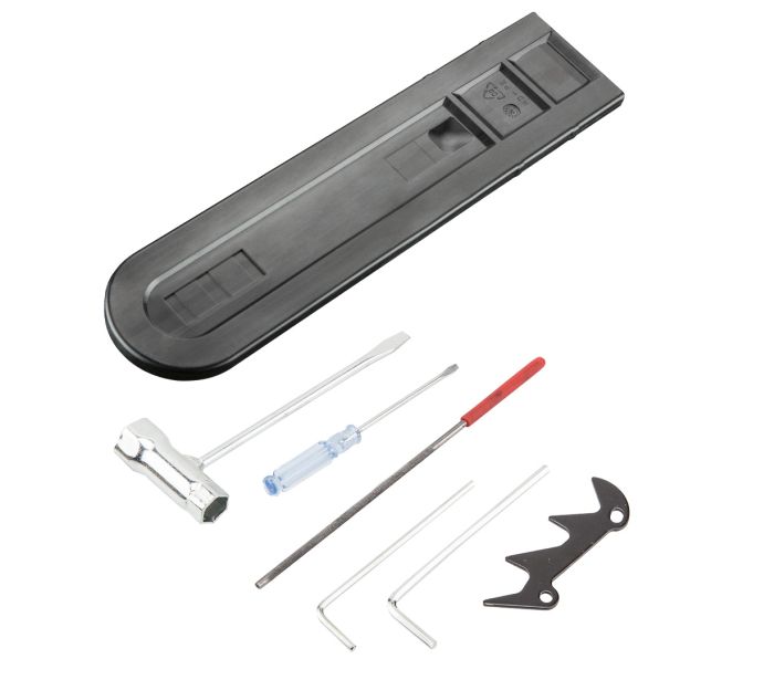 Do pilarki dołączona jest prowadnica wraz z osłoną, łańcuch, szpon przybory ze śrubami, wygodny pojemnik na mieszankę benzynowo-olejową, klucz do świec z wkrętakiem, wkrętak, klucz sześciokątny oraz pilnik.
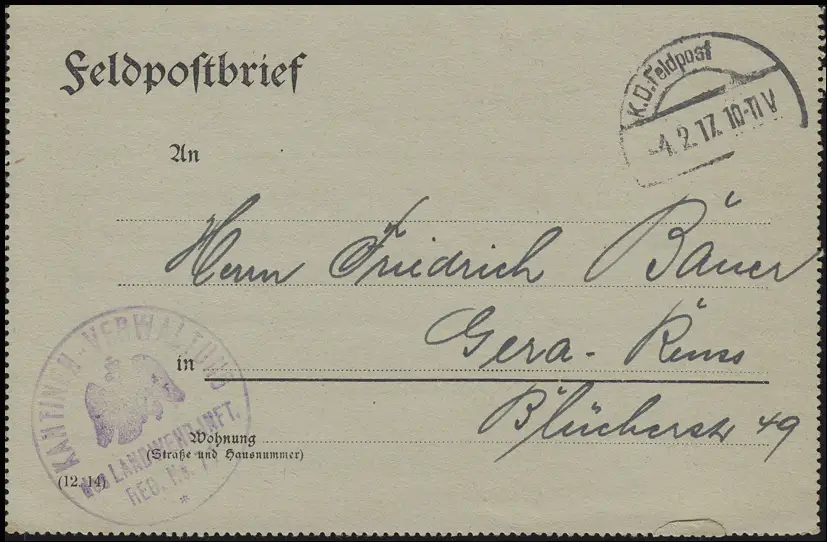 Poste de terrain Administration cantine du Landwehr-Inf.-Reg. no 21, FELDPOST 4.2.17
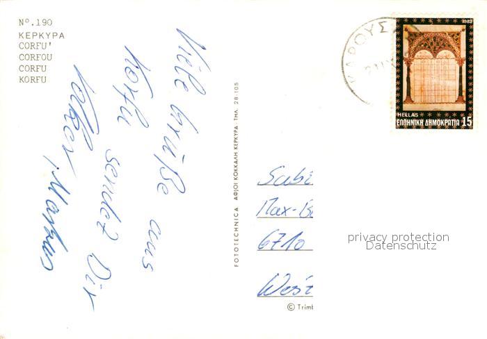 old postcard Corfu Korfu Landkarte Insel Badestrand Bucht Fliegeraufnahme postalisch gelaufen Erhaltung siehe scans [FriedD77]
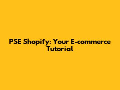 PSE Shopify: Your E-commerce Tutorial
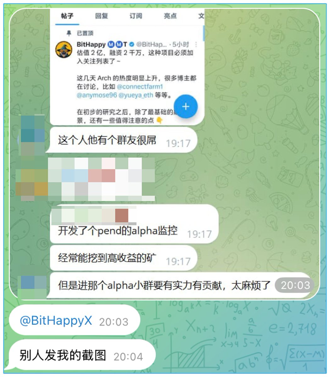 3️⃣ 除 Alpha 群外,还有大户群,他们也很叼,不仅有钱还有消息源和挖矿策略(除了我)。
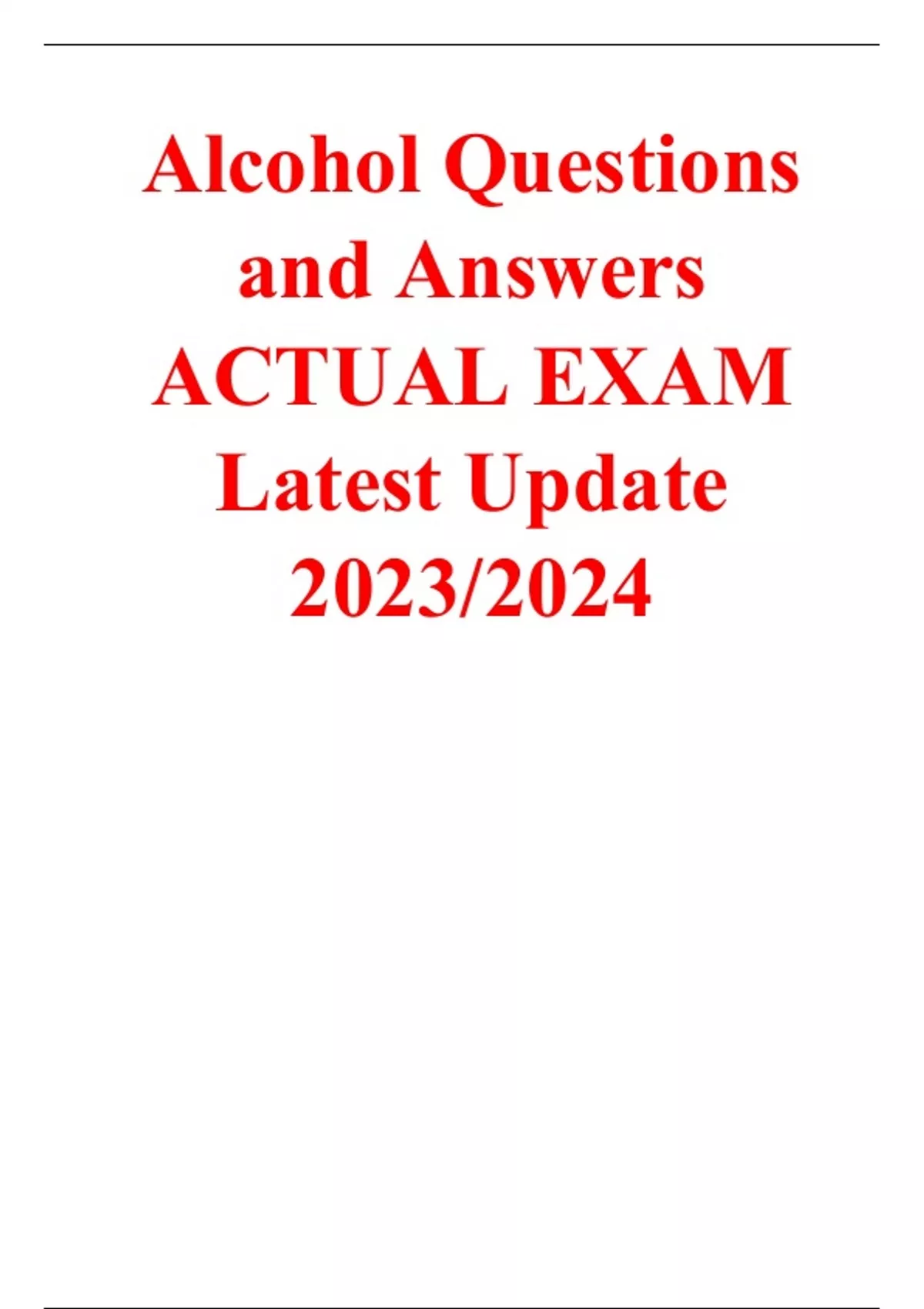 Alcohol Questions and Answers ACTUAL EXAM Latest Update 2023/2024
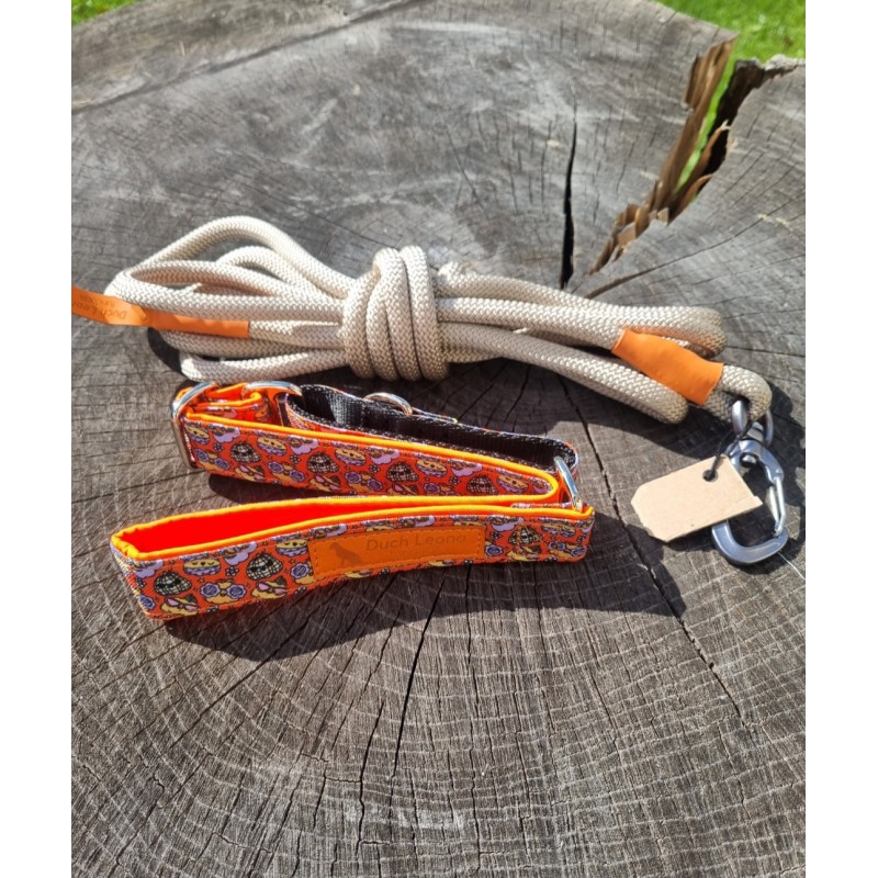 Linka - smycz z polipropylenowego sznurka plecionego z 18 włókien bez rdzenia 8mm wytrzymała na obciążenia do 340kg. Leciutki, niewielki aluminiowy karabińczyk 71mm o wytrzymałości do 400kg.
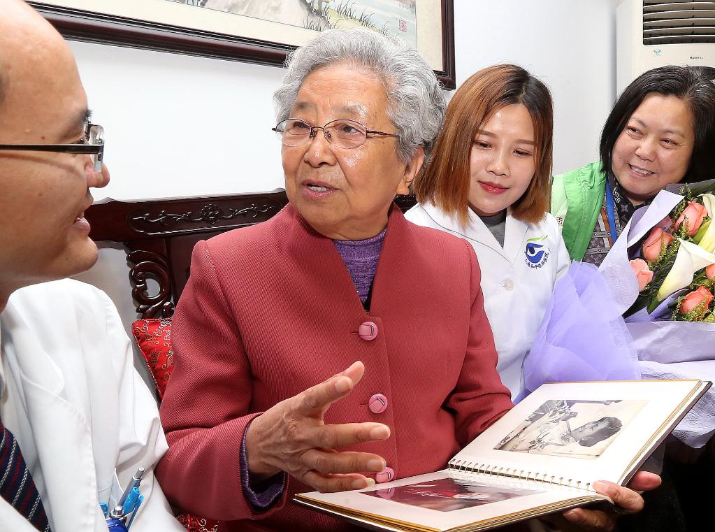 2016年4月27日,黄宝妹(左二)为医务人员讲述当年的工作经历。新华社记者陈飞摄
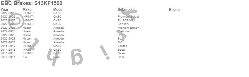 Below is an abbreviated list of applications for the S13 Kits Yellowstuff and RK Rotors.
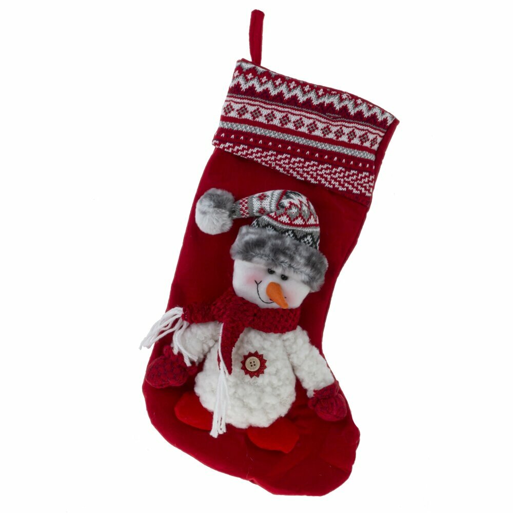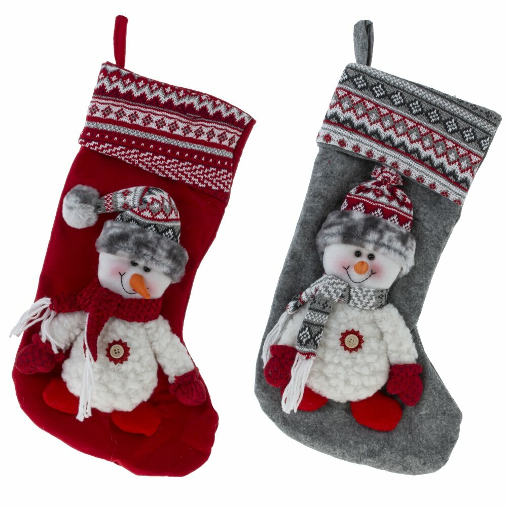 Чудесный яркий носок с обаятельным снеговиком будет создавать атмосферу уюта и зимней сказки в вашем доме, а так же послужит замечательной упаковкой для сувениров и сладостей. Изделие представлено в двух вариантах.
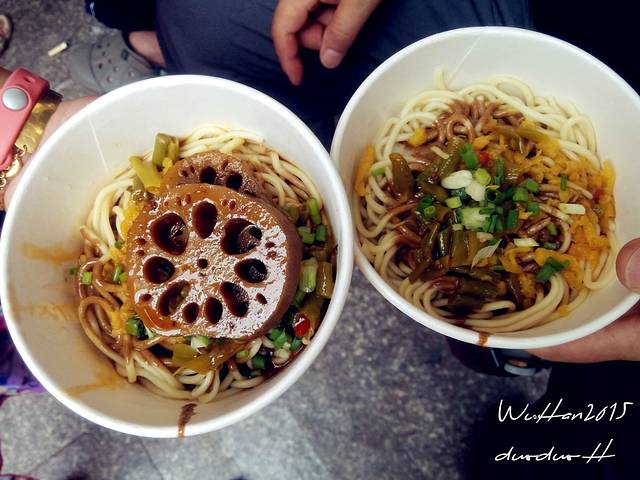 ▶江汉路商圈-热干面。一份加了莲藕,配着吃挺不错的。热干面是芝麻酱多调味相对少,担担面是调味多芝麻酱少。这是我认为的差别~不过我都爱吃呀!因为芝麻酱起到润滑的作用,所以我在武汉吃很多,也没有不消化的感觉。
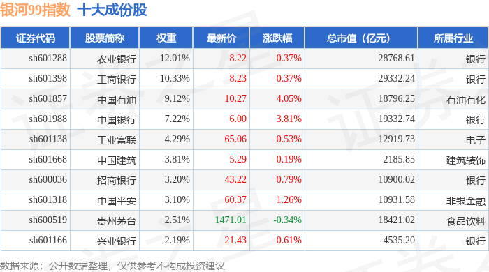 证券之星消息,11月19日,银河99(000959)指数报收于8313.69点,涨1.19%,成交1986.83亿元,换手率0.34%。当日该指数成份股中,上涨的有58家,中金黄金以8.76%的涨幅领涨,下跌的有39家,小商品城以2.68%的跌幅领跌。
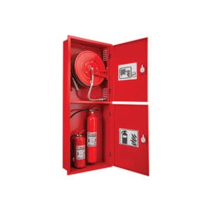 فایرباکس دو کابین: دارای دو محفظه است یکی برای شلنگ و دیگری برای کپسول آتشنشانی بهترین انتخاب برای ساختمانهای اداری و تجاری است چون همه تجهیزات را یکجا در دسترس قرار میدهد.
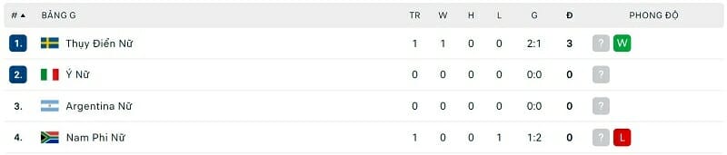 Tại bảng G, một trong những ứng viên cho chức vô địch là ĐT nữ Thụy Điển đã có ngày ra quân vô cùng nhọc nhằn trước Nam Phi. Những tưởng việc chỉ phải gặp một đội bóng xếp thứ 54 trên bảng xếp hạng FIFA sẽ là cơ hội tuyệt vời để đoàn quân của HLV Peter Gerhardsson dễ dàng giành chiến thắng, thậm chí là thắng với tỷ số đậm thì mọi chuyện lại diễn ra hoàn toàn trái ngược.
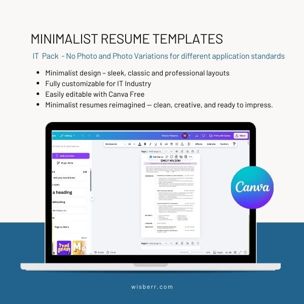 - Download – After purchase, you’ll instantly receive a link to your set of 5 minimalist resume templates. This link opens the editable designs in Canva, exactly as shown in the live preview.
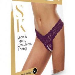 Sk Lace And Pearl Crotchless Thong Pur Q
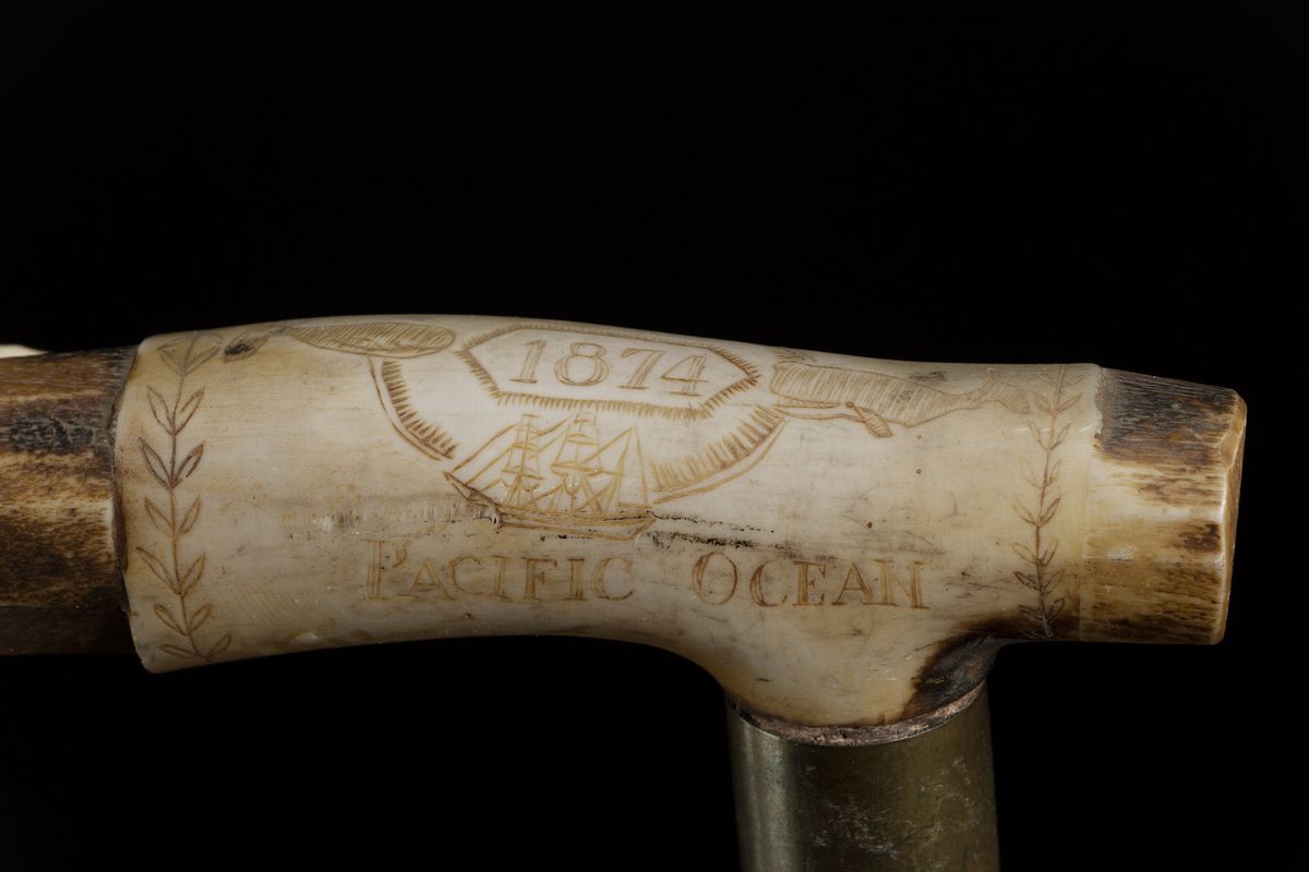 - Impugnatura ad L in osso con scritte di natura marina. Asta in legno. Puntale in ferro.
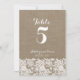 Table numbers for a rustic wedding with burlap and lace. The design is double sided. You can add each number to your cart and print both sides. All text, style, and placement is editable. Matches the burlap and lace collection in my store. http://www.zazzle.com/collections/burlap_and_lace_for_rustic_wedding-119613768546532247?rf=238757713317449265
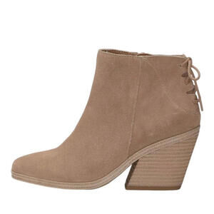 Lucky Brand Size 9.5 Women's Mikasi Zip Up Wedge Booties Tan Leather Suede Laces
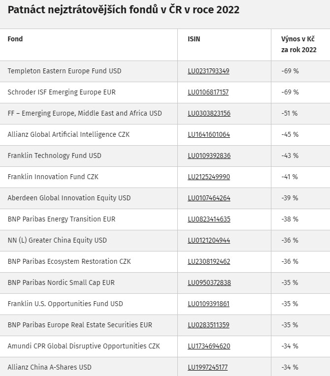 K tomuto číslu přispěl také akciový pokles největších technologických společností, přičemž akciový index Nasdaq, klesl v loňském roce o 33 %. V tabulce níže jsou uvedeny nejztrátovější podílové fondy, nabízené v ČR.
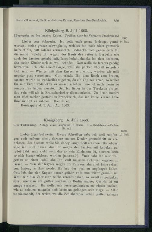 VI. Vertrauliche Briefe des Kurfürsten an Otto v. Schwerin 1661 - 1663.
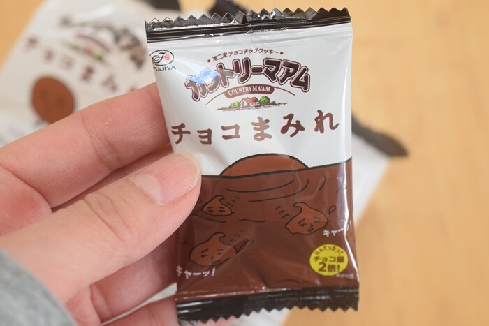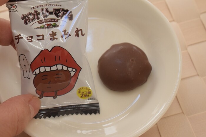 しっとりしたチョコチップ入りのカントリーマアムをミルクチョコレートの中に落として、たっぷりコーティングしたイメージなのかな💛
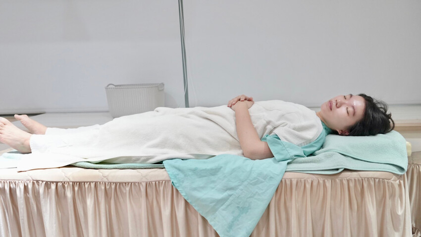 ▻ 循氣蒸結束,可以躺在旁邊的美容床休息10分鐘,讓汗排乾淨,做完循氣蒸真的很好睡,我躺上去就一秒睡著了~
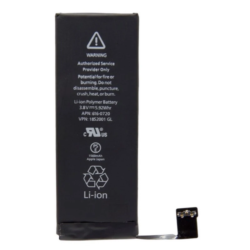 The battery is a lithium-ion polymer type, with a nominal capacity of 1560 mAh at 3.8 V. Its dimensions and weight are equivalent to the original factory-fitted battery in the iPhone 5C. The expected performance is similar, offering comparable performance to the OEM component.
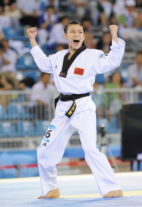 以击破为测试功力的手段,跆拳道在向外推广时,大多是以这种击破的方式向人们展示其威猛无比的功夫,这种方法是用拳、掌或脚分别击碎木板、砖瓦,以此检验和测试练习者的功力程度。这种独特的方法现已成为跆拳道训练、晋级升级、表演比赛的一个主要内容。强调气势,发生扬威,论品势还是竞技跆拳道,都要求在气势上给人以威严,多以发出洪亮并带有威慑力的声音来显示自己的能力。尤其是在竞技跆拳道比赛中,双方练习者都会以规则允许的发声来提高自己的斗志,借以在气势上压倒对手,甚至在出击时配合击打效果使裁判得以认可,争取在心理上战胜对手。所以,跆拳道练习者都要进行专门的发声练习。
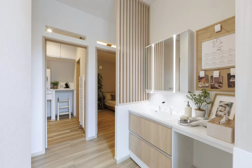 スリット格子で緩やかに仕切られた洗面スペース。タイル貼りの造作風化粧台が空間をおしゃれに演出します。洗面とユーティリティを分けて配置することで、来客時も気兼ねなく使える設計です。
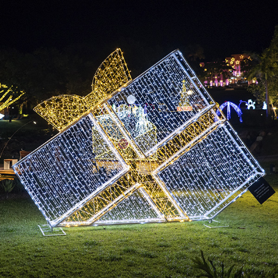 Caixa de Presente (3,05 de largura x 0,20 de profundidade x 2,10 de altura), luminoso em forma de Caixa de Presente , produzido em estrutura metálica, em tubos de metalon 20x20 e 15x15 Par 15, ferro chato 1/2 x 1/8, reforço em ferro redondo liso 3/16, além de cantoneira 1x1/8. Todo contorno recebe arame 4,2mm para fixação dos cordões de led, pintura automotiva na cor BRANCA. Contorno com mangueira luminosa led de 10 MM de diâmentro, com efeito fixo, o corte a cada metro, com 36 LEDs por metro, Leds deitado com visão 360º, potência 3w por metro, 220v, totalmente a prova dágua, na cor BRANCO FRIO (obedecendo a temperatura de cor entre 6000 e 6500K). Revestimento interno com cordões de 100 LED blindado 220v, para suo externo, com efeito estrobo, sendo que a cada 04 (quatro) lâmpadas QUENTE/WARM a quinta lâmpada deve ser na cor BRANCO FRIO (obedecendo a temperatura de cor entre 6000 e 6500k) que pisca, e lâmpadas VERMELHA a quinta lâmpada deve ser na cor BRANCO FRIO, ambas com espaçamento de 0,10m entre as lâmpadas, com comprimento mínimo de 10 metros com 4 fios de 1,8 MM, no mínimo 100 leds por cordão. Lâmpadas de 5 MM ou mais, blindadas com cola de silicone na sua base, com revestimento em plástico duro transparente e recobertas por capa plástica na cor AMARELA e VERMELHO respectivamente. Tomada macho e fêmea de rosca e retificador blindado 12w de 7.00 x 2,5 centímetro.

^^^^^^^^^^^^^^^^

◆ **WHAT YOU HAVE TO DO**
Could the stretch from the line with "2016年4月27日,黄宝妹" through the line with "证券之星消息,11月19日,银河99(0" in the listing above be restated word for word, minus the pictures?

◆ **WRITTEN ANSWER**
 2016年4月27日,黄宝妹(左二)为医务人员讲述当年的工作经历。新华社记者陈飞摄
 Below is an abbreviated list of applications for the S13 Kits Yellowstuff and RK Rotors.
 Чудесный яркий носок с обаятельным снеговиком будет создавать атмосферу уюта и зимней сказки в вашем доме, а так же послужит замечательной упаковкой для сувениров и сладостей. Изделие представлено в двух вариантах.
 ▶江汉路商圈-热干面。一份加了莲藕,配着吃挺不错的。热干面是芝麻酱多调味相对少,担担面是调味多芝麻酱少。这是我认为的差别~不过我都爱吃呀!因为芝麻酱起到润滑的作用,所以我在武汉吃很多,也没有不消化的感觉。
 证券之星消息,11月19日,银河99(000959)指数报收于8313.69点,涨1.19%,成交1986.83亿元,换手率0.34%。当日该指数成份股中,上涨的有58家,中金黄金以8.76%的涨幅领涨,下跌的有39家,小商品城以2.68%的跌幅领跌。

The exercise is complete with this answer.